当日は会葬御礼として簡単な品をお持ちいただきましたが、改めてお礼申し上げたく連絡いたします。
おかげさまで四十九日法要も無事に済ませることができました。故人もきっと喜んでいると思います。
今後ともよろしくお願いいたします。
○○○○
例文5: 現金書留で受け取った場合(対面でお礼を言えない場合)
○○様
先日は母の葬儀に際しまして ご丁重なるご弔電とご香典を賜りありがとうございました
遠くからのお心遣いに 故人もさぞかし喜んでいることと存じます
四十九日法要を無事に終えましたご報告とともに 供養のしるしとして心ばかりの品をお贈りいたします
遠路いただいた温かいお気持ちへの感謝を あらためて申し上げます
敬具
施主 ○○○○
形式のマナー
香典返しに関する基本ルール
| 項目 | 内容 |
|---|---|
| 金額の目安 | いただいた香典の半額〜3分の1程度(「半返し」) |
| 品物の種類 | 「消えもの」が基本(食品・日用品・タオル等) |
| のし紙 | 黒白(または黄白)の水引。「志」または「粗供養」 |
| 添え状 | 白い和紙や洋紙。縦書きが正式だが、略式なら横書きも可 |
「忌み言葉」に注意
| 避ける言葉 | 言い換え例 |
|---|---|
| 重ね重ね | 改めて、なお |
| 再び・再度 | 改めて |
| たびたび | (言い換えるか削除) |
| 続けて・引き続き | その後、以降 |
よくある疑問
Q. 香典返しの添え状はどんな便せん・封筒を使えばよいですか?
A. 白無地の便せん・和紙が一般的です。贈り物に同封する場合は添え状カードでも問題ありません。特別な形式よりも、感謝の気持ちが伝わる言葉を大切にしましょう。

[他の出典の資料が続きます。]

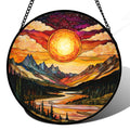Dusk Lakes & Mountains Stained Glass Suncatcher – Handmade 7.8" Sunset Landscape Window Hanging
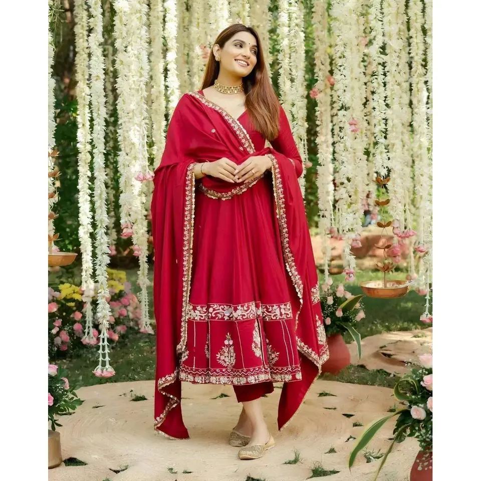 Roman Fabric Embroidery sequence Zari WorkDUPATTA
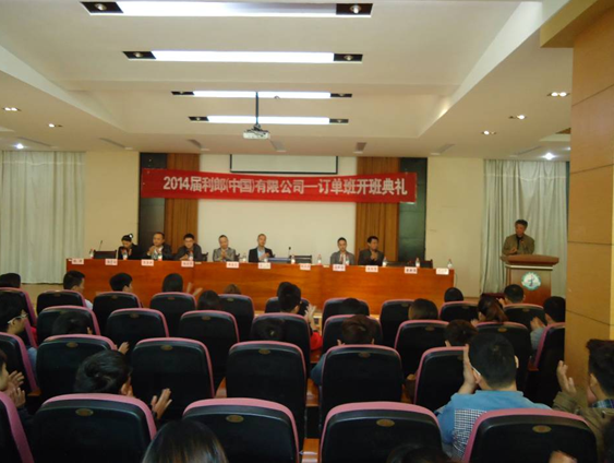2013年10月26日上午9:00时,在行政楼一楼报告厅召开利郞订单班开班仪式,参加此次仪式的领导有:利郞领航营销管理有限公司总经理陈宏胜、利郞公司零售管理中心总监林金文、利郞江西睿智分公司总经理庄英海、利郞江西臻道分公司总经理王杏洲、利郞领航营销管理有限公司人资经理张跃智、利郞公司臻道分公司人资经理徐碧云、利郞公司零售管理中心培训师陈小青、英国365集团副校长杨汉东、服装商贸分院副院长杨水华、及利郞订单班的全体同学。
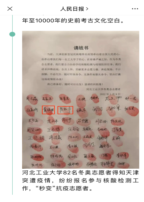 1月8日,随着两名患者的确诊,津南区疫情防控指挥部发布通告,将区内分成封控区、管控区和防范区,不同区域根据情况采取不同防控举措,一场与疫情的战斗在天津打响。生命重于泰山,疫情就是命令,为打赢这场没有硝烟的战争,我校冬奥志愿者在关键时刻,冲锋在前,从冬奥志愿者到抗疫志愿者的转变只在瞬间。短短的一分钟,就有82名冬奥志愿者挺身而出。其中h视频 MPA学生黄媛媛、陈虹宇听到需要抗疫志愿者的消息时,二话没说,毅然决然的在抗疫请战书上摁下了红手印。把家国情怀和青年意气化作一纸请战书,鲜红手印承担的是抗疫的决心和信心,青年学生的热情与奉献和河工学子的责任与担当。
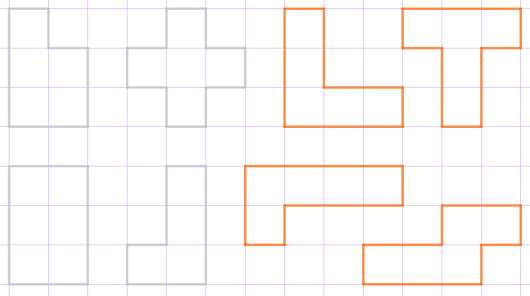 Пытаемся разбить оставшуюся часть исходной фигуры на две части, равные размещённой.
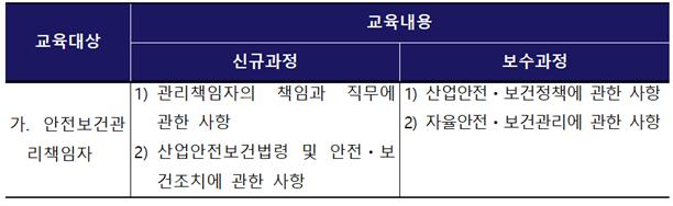 안전 보건 관리 책임자 직무 교육 내용은 다음과 같다.
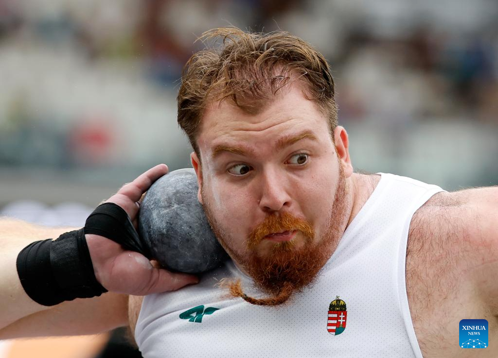 Balazs Toth of Hungary competes during the Men's Shot Put Qualification of the World Athletics Championships Budapest 2023 at the National Athletics Centre stadium in Budapest, Hungary on Aug. 19, 2023. (Xinhua/Wang Lili)
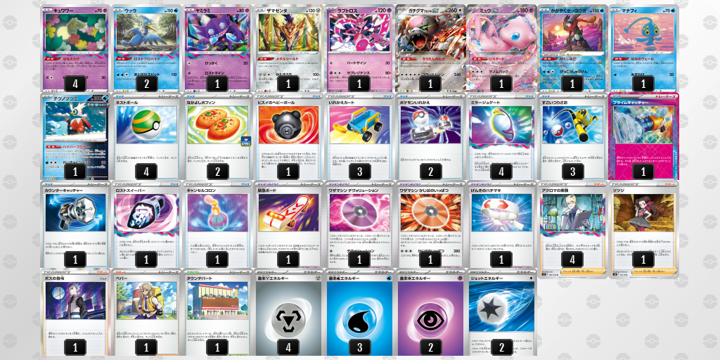 ホームタイプ別デッキレシピロストバレットシティリーグTOP8 ロストバレット タイプ別デッキレシピロストバレット優勝・入賞デッキレシピシティリーグ都道府県別京都府 シティリーグTOP8 ロストバレット 2024-04-28 シェア TwitterLINEFacebookWhatsAppCopy URL TOP8 Sourcepokemon-card.com Tagsウッウかがやくゲッコウガガチグマexキュワワーテツノツツミプライムキャッチャーマナフィヤミラミラブトロス シェア TwitterLINEFacebookWhatsAppCopy URL 前の記事シティリーグTOP8 ルギアVSTAR次の記事シティリーグTOP2 ルギアVSTAR 関連する記事 シティリーグ タケルライコex|シティリーグTOP8|ステラミラクル環境|2024年09月08日 2024-09-08 シティリーグ ルギアVSTAR|シティリーグTOP8|ステラミラクル環境|2024年09月08日 2024-09-08 シティリーグ ロストバレット|シティリーグTOP2|ステラミラクル環境|2024年09月08日 2024-09-08 - Advertisment - 上位入賞デッキレシピドラパルトex悪リザードンexルギアVSTARその他サーナイトexロストバレットロストギラティナVSTARカビゴンLOパオジアンexゲッコウガex Most Popular シティリーグ優勝 未来テツノカイナ 2024-03-13 シティリーグ準優勝 悪リザードン ビーダル型 2024-03-13 ジャパンチャンピオンシップシリーズ2025 日程 2024-06-03 シティリーグ2024 シーズン3 オープンリーグ結果 トーナメントセンターバトロコ 本厚木駅前 2024-03-13 もっとロードする
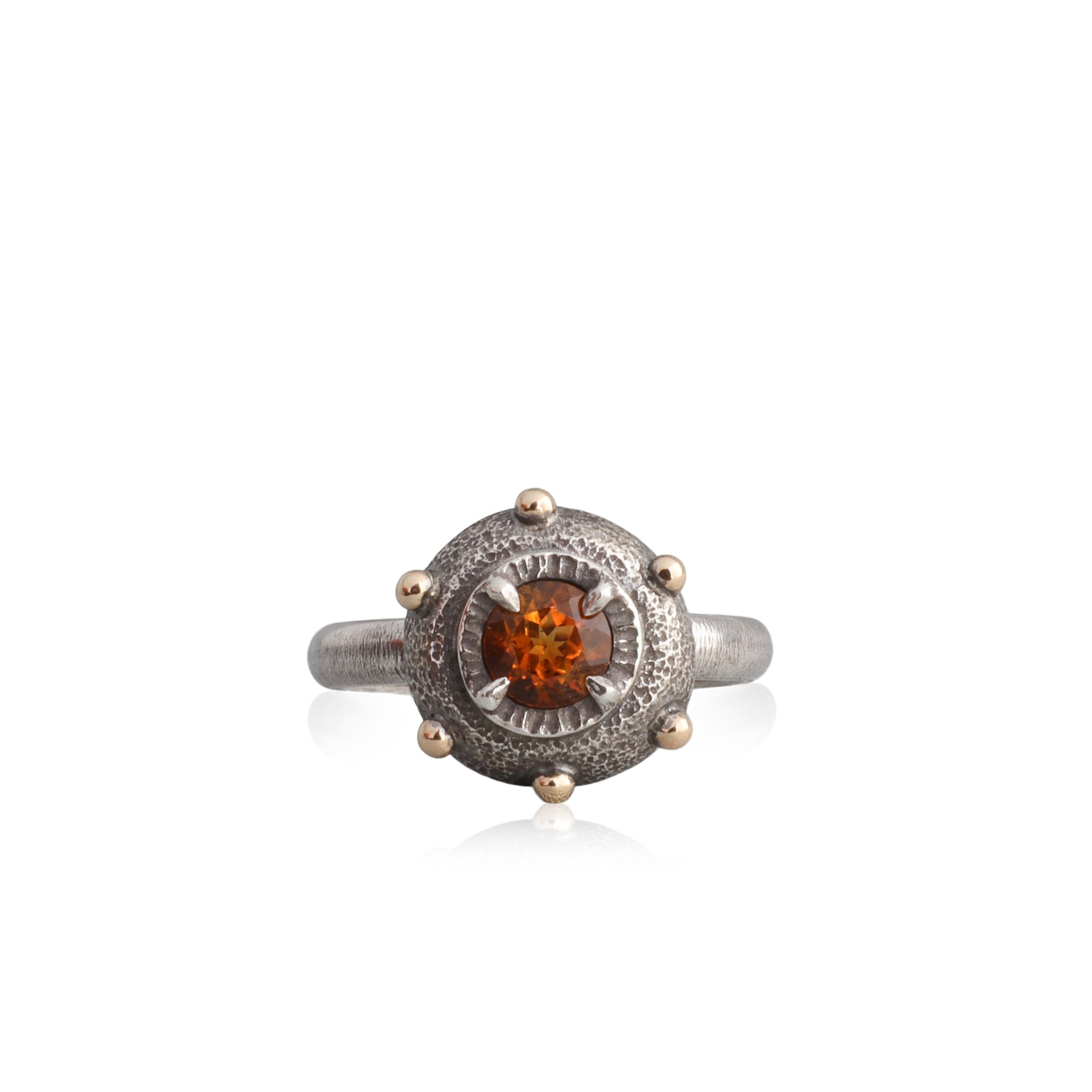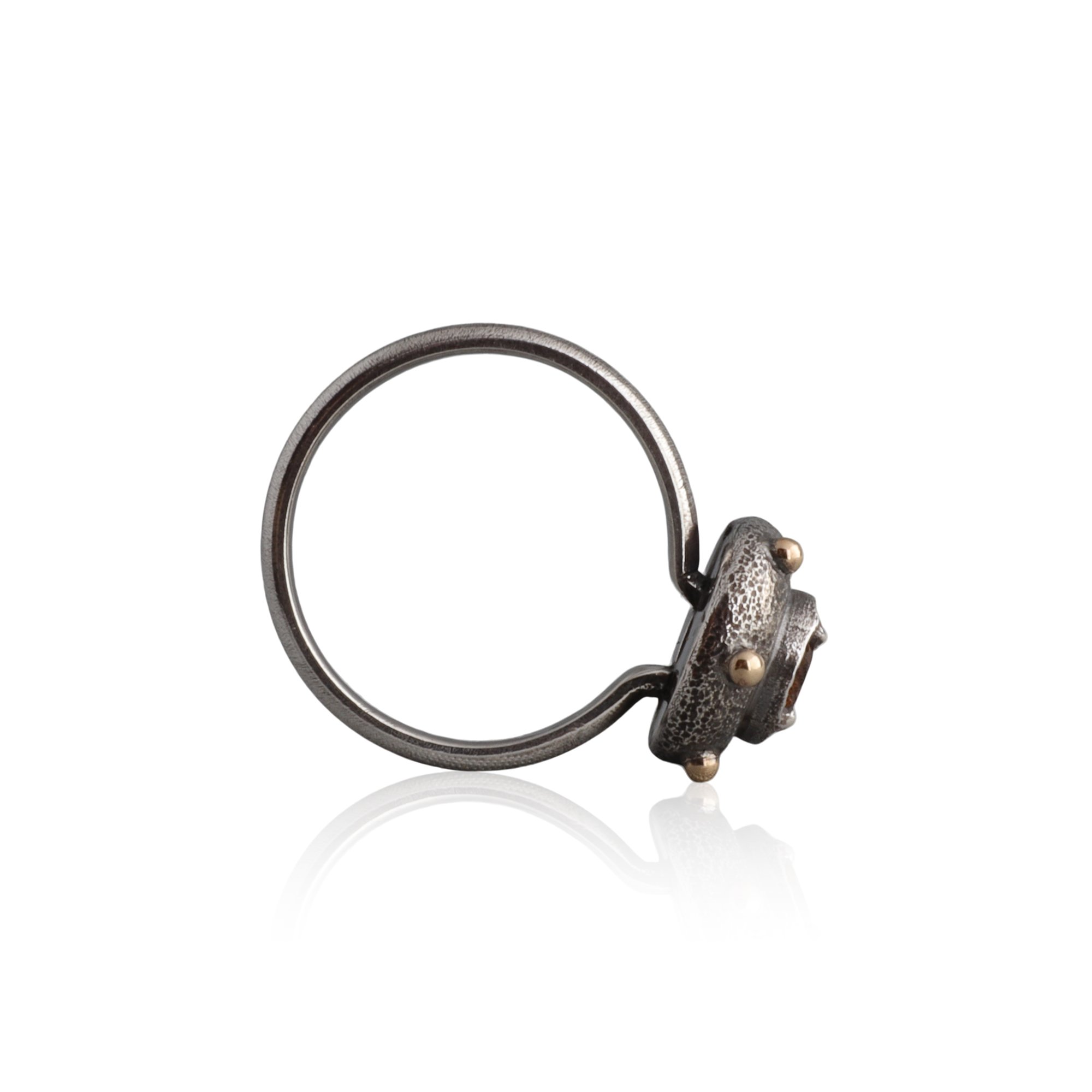 made of: oxidized sterling silver, 14k gold ball details, 5mm round faceted citrine
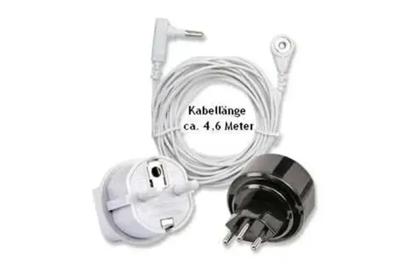 Schliessen Sie unsere Erdungsprodukte an das Erdungskabel an: Komplettsett mit Schweizer Stecker für den Sofortstart, zum Beispiel mit der Erdungsmatte oder der Erdungs-Sitzauflage. Dieses Komplett-Set enthält alles, was du für den sicheren Anschluss deiner Erdungsprodukte brauchst.
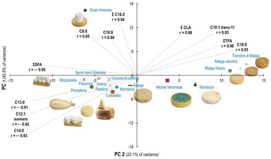 It is well known that goat milk also has a different fatty acid profile to cow’s milk [42] and other dairy species [43], and that what mainly distinguishes caprine milk is the relative abundance of short-chain, even, SFAs, except for the shortest, C4:0 [28,44,45]. This well-established knowledge can be seen in the common names of these fatty acids: caproic acid (C6:0), caprylic acid (C8:0), and capric acid (C10:0). Capra is the Latin word for a goat. In contrast, goat cheeses, like goat milk, have the lowest contents of butyric acid (C4:0), palmitic acid (C16:0), and stearic acid (C18:0), and of branched-chain SFAs, often assumed to be indicators of microbial fermentation in the rumen. The second principal component illustrated in Figure 1 (representing 22.1% of all the variability) seems mainly related to the species of the dairy animal, with the goat cheeses having a very high (positive) score and all the cows’ cheese categories having small to negative scores.
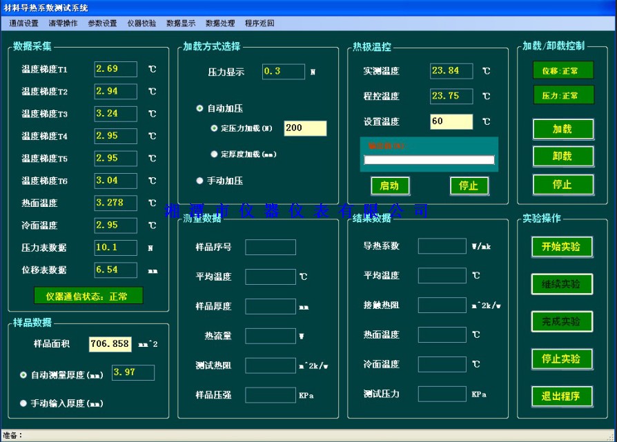 儀器特點:自動加壓,自動測厚,實驗全自動控制。6點溫度梯度檢測,提高測試精度??蓹z測不同壓力下熱阻曲線,采用優(yōu)化的數(shù)學模型,測量材料導熱系數(shù)和熱阻以及界面處接觸熱阻等。

Q. 香典返しを辞退された場合はどうすればよいですか?
A. 辞退された場合は無理に贈らず、お礼の言葉(口頭・手紙・メール)だけにしましょう。「気持ちだけでも」と何か小さな品を用意する場合は、その方の意向を再度確認してからにします。
Q. 香典返しが遅れた場合、お詫びの一言は必要ですか?
A. 遅れた場合は「ご連絡が遅くなり、大変失礼いたしました」と添え状に一言添えるのがマナーです。